Phoenix reappeared, this time above Tiawan, plummeting rapidly toward the suit of armor.
Then Sword didn't have time to watch any more. She only had time for her own survival as Wahy and La'ug came upon her as one.
La'ug reached her first, apparently too crazed at the chance to kill Sword to have Wahy climb on her shoulders the way she usually did. She leaped at Sword, claws the size of daggers extended toward her.
Sword rolled to the side, her katana slashing as she did. La'ug roared, all ten of her claws falling to the ground with dry-bone sounds. She reared back, but Sword had already changed weapons, the katana disappearing and a spear appearing in its place. She threw the weapon.
Most people chose javelins for long-distance attacks like this. They were slightly lighter than spears, allowing for a longer throw and more accuracy. But Sword's magic allowed her to cast a spear with a heavy head nearly the length of the castle. That was how hard she threw it now, even though La'ug was barely ten paces away.
The spear flew toward
her, so fast that anyone without Sword's magic – perhaps Arrow's – would have seen only a blur. They would not even have realized they were in danger until after the killing blow had gone into and through them.
La'ug shifted, a motion every bit as fast as the flight of the spear. Her huge mouth opened, splitting her head nearly in half. The spear entered her maw, but instead of shooting out the back of her skull or her throat, it simply disappeared.

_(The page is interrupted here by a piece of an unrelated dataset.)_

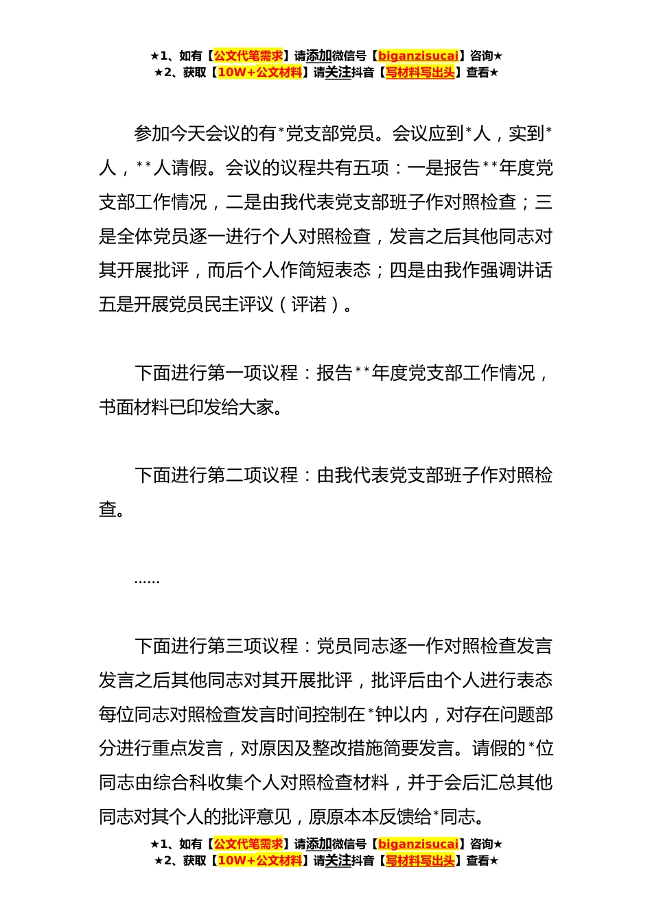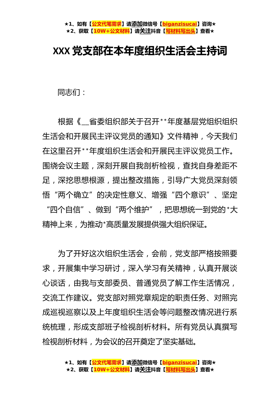 ★1、如有【公文代笔需求】请添加微信号【biganzisucai】咨询★★2、获取【10W+公文材料】请关注抖音【写材料写出头】查看★XXX党支部在本年度组织生活会主持词同志们:根据《__省委组织部关于召开**年度基层党组织组织生活会和开展民主评议党员的通知》文件精神,今天我们在这里召开**年度组织生活会和开展民主评议党员工作。围绕会议主题,深刻开展自我剖析检视,查找自身差距不足,深挖思想根源,提出整改措施,引导广大党员深刻领悟“两个确立”的决定性意义、增强“四个意识”、坚定“四个自信”、做到“两个维护”,把思想统一到党的*大精神上来,为推动*高质量发展提供强大组织保证。为了开好这次组织生活会,会前,党支部严格按照要求,开展集中学习研讨,深入学习有关精神,认真开展谈心谈话,由我与支部...

Swallowed whole? Or simply destroyed by the same magic that had created this seemingly indestructible monster? Sword couldn't tell, and she didn't have time to ponder it.
The monster's great teeth slammed down with a sound louder than the thunder that still clapped within the nearby tornado. La'ug made a strangely human sound: a deep, thrumming chuckle. Foolish girl, the sound seemed to say, can't you see that your doom has already come?

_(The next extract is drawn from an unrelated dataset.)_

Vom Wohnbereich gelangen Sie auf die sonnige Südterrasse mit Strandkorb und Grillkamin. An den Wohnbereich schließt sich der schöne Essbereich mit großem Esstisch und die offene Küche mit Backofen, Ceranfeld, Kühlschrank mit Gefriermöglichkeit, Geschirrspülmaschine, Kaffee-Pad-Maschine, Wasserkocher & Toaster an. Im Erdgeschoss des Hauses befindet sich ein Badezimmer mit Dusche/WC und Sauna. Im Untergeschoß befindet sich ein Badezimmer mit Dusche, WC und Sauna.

Then Sword sensed something behind her – that same power that enabled her to feel a bullet speeding at her, that let her move fast enough to split it in two. She barely managed to spin fast enough to stop Wahy, though.

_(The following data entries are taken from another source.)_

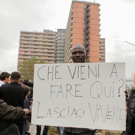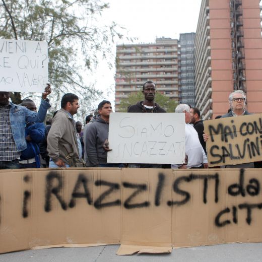Il segretario leghista è arrivato all’Hotel House in anticipo rispetto all’orario previsto, attorno alle 14:45. Ad attenderlo ha trovato un centinaio di residenti del condominio, quasi tutti maghrebini, che avevano occupato la via di accesso allo stabile. I manifestanti si sono rifiutati di aprire un varco per lasciargli il passo, ci sono stati attimi di tensione, al suono di “vattene!”, “vergognati!”, grida e fischi, ma la polizia ha tenuto la situazione sotto controllo e non ha caricato.
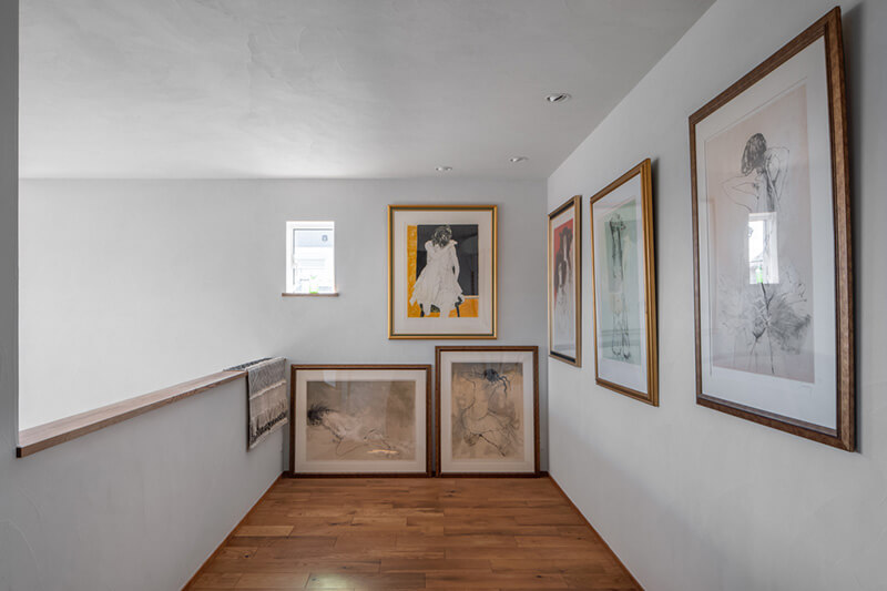 終の住まいという視点から、間取りは徹底的にシンプルに。1階にはLDKと浴室、トイレなど水まわりを集約。生活のほとんどを1階で過ごせる間取りにしました。アートを飾ることを前提に、窓の位置なども綿密に計算されています。
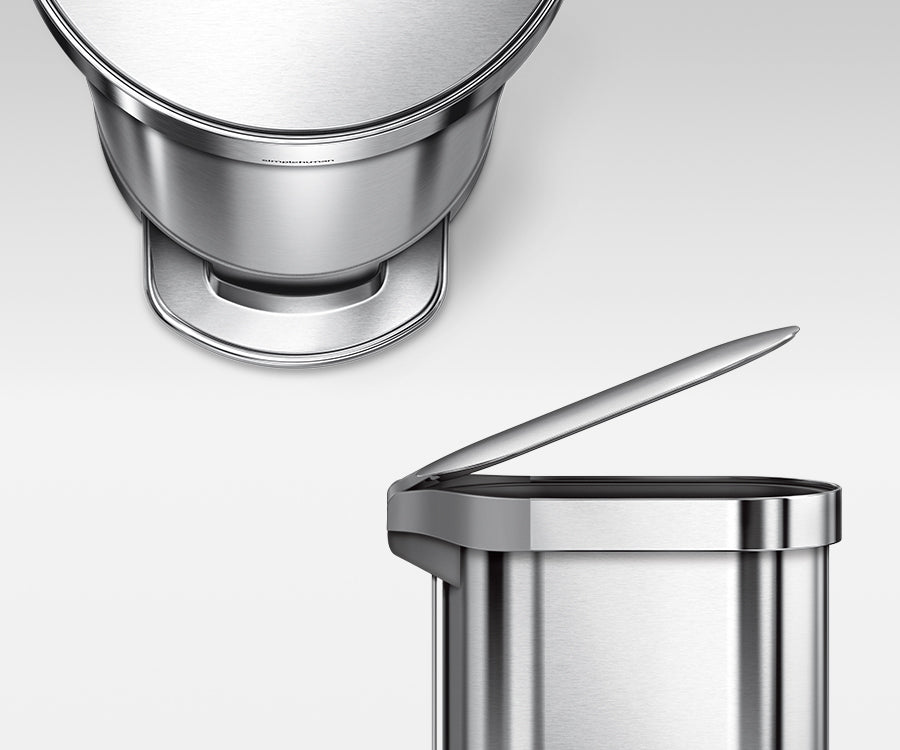 Nuestro pedal de acero macizo está sólidamente construido para durar más de 150.000 pisotones (lo cual equivale a más de 20 pisotones al día durante 20 años), y nuestra tecnología de tapa patentada lid shox controla el movimiento de la tapa, garantizando un cierre silencioso y suave.
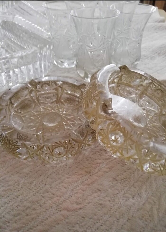 Kristal 18 parça çeşitli bardak, küllük, sigaralık. Sigaralığın üstünde ufak bir çatlak var.
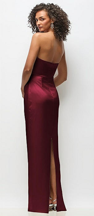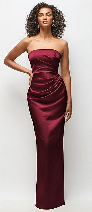 Strapless Draped Bodice Stretch Satin Column Maxi Dress in cabernet
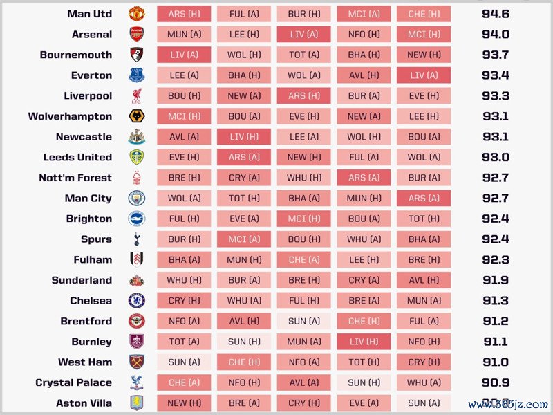凭证这套系统,曼联前五个敌手包括阿森纳、富勒姆、伯恩茅斯、曼城和切尔西,五个敌手的平均难度是最大的,高达94.6分,随后的阿森纳为94分,其中包括曼联、利物浦和曼城三个传统权门,最狂妄的是阿斯顿维拉,只须90.9分,五个敌手鉴识是纽卡斯尔、布伦特福德、水晶宫、埃弗顿和桑德兰。

(No, not stop him. Just not be killed by him.)
The berserker pounced on her. She ducked and rolled under him, her wakizashi flashing into existence, then slicing Wahy up the center as he passed over her.
He landed. She spun. His insides had spilled through the slash in his shirt, through the underlying gash in his belly. But he didn't seem to care.
He threw his head skyward and howled, a sound filled with pain and rage and madness. But though the wound had hurt him, it didn't stop him.
And a moment later, it was gone.
Sword couldn't see exactly what happened. There was simply a shimmer, a sense of movement. Then Wahy was running at her again, his belly muscular and whole – not even a scar to show where Sword had just opened him to the world. His guts were nowhere to be seen. Just gone.
La'ug was running toward her as well, the monster clearly holding back so that both of them would reach Sword at the same time.
She skipped backward as La'ug slashed a great paw at her – though the claws had been cut off, there were still sharp nubs that rose an inch or so from the monster's fur. And even if the claws had been completely destroyed, a single hit with that huge paw would be more than enough to crush Sword's bones to powder.